U.S. Muslims meet French ambassador on Hijab ban
Representatives of the Council on American-Islamic Relations (CAIR) met yesterday with French Ambassador Jean-David Levitte to deliver a letter for French President Jacques Chirac opposing his call to ban Islamic head scarves, or hijab, in public schools.
CAIR's letter read in part:
"Unlike a cross, which is not an obligation for Christians to wear, hijabs, yarmulkes and turbans are not "symbols" that can be removed without abandoning religious responsibilities. Rather, hijab is a religious obligation and for many French women, any ban on a woman's right to freely exercise her faith by wearing hijab may be seen as an indirect prohibition on Islam in France...
The European Convention on Human Rights, a hallmark treaty for the protection of human rights in Europe, states that '...Everyone has the right to freedom of thought, conscience and religion....' The convention continues to say that, 'this right includes, [whether] alone or in a community with others and in public or private...freedom to...manifest his religion or belief, in worship, teaching, practice and observance.' Unfortunately, it seems as though the proposed legislation would be in violation of the Convention as well...

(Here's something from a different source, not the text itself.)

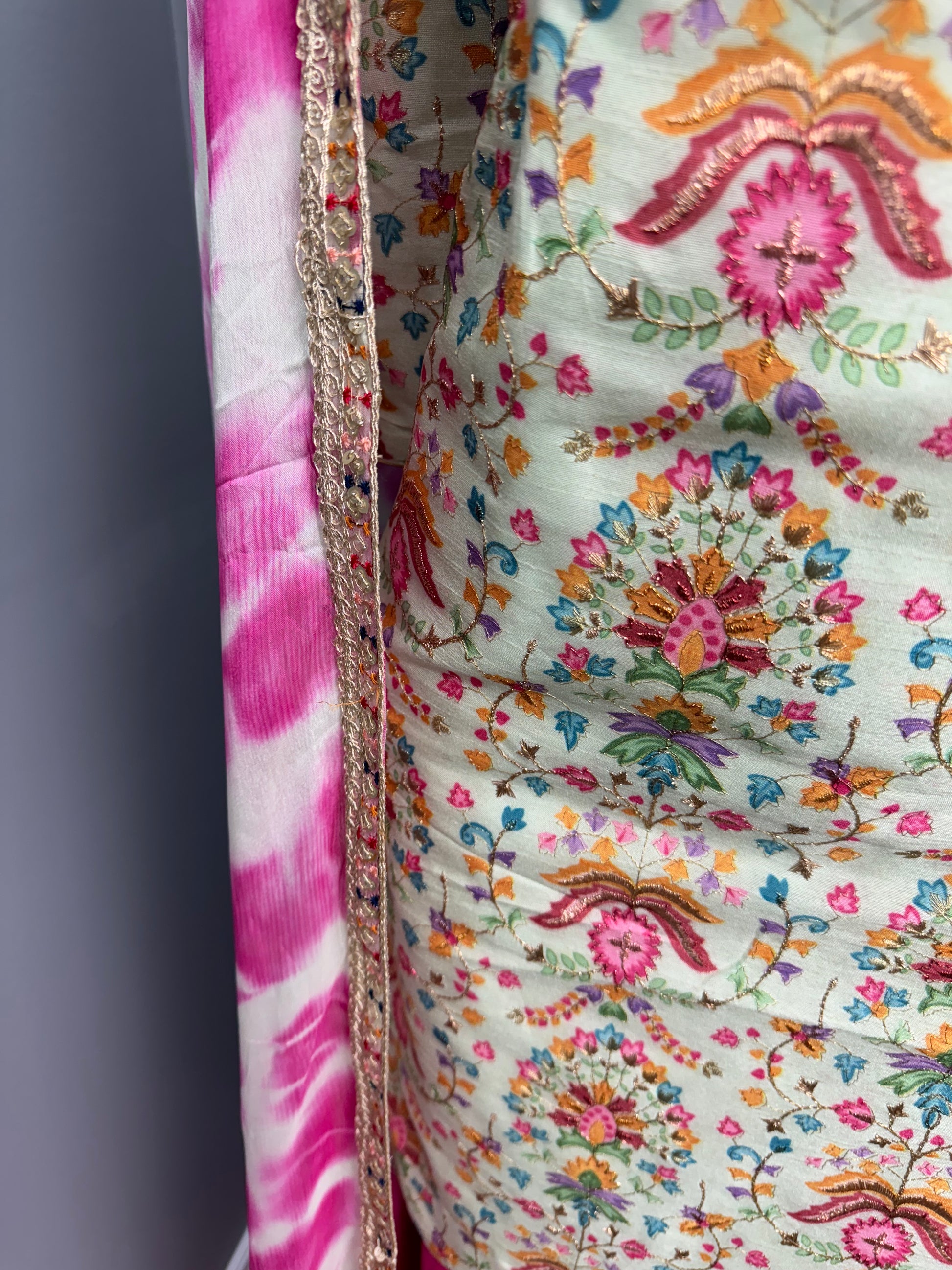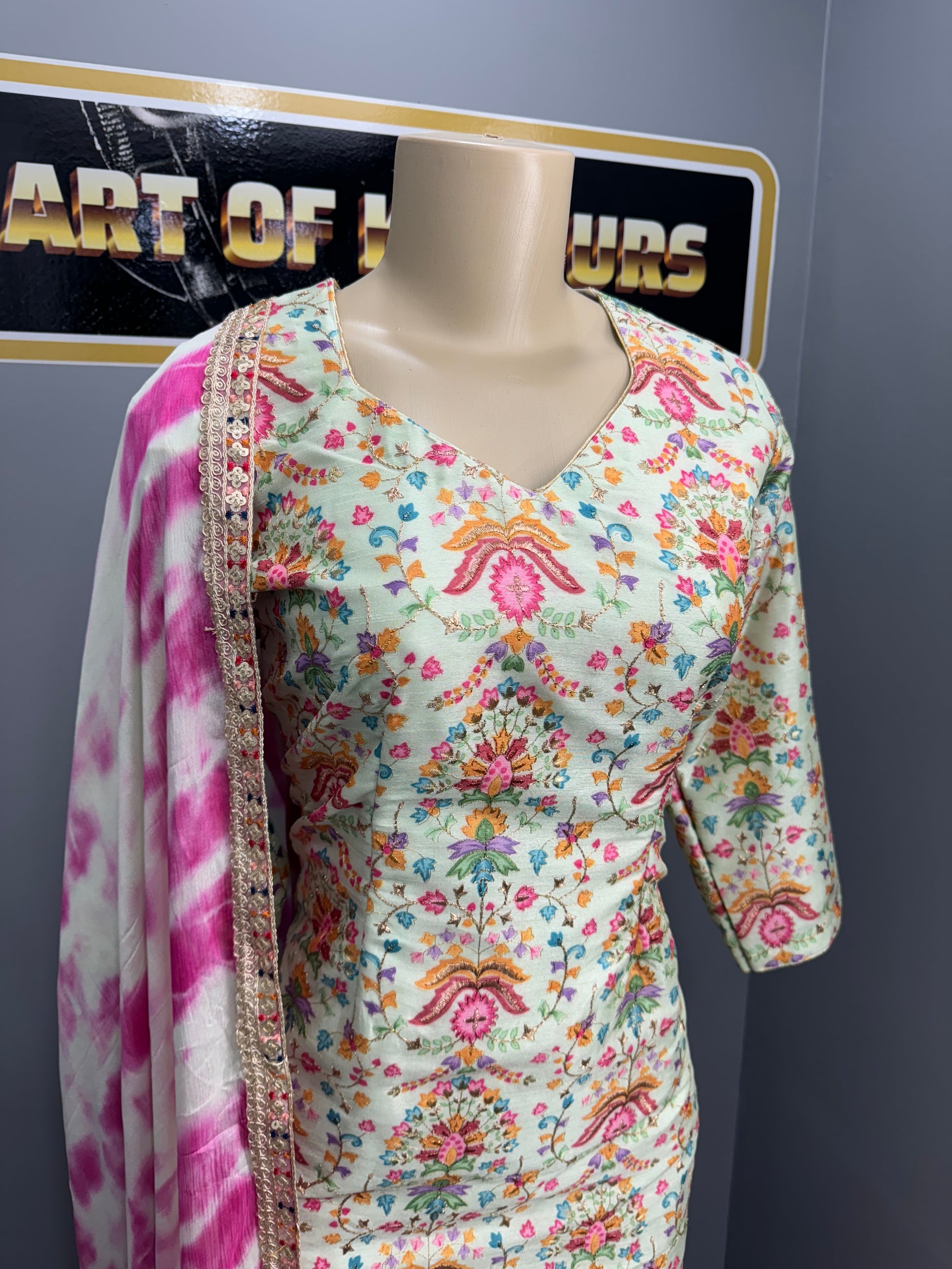This Pista Butter Gulzar Sharara Suit boasts a beautiful print on the shirt, highlighted with intricate embroidered work. Crafted with care and attention to detail, this suit is sure to elevate any occasion. The perfect blend of traditional and modern design, it will make you stand out with elegance and grace.

We hope that you will reconsider the proposed legislation, in light of the concerns enumerated above and with a continued goal of strengthening the ideals of democracy, religious freedom, and interfaith harmony in France and around the world."
"Our meeting with the Ambassador was frank and constructive," said Nihad Awad, CAIR executive director. "It marked the beginning of what we hope to be an on-going dialogue with France."
The 90-minute meeting took place at the French embassy in Washington, D.C. Attendees included CAIR officials and a representative from the Muslim Student Association of the United States and Canada (MSA).
CAIR, America's largest Islamic civil liberties group, is headquartered in Washington, D.C., and has 25 regional offices and chapters nationwide and in Canada.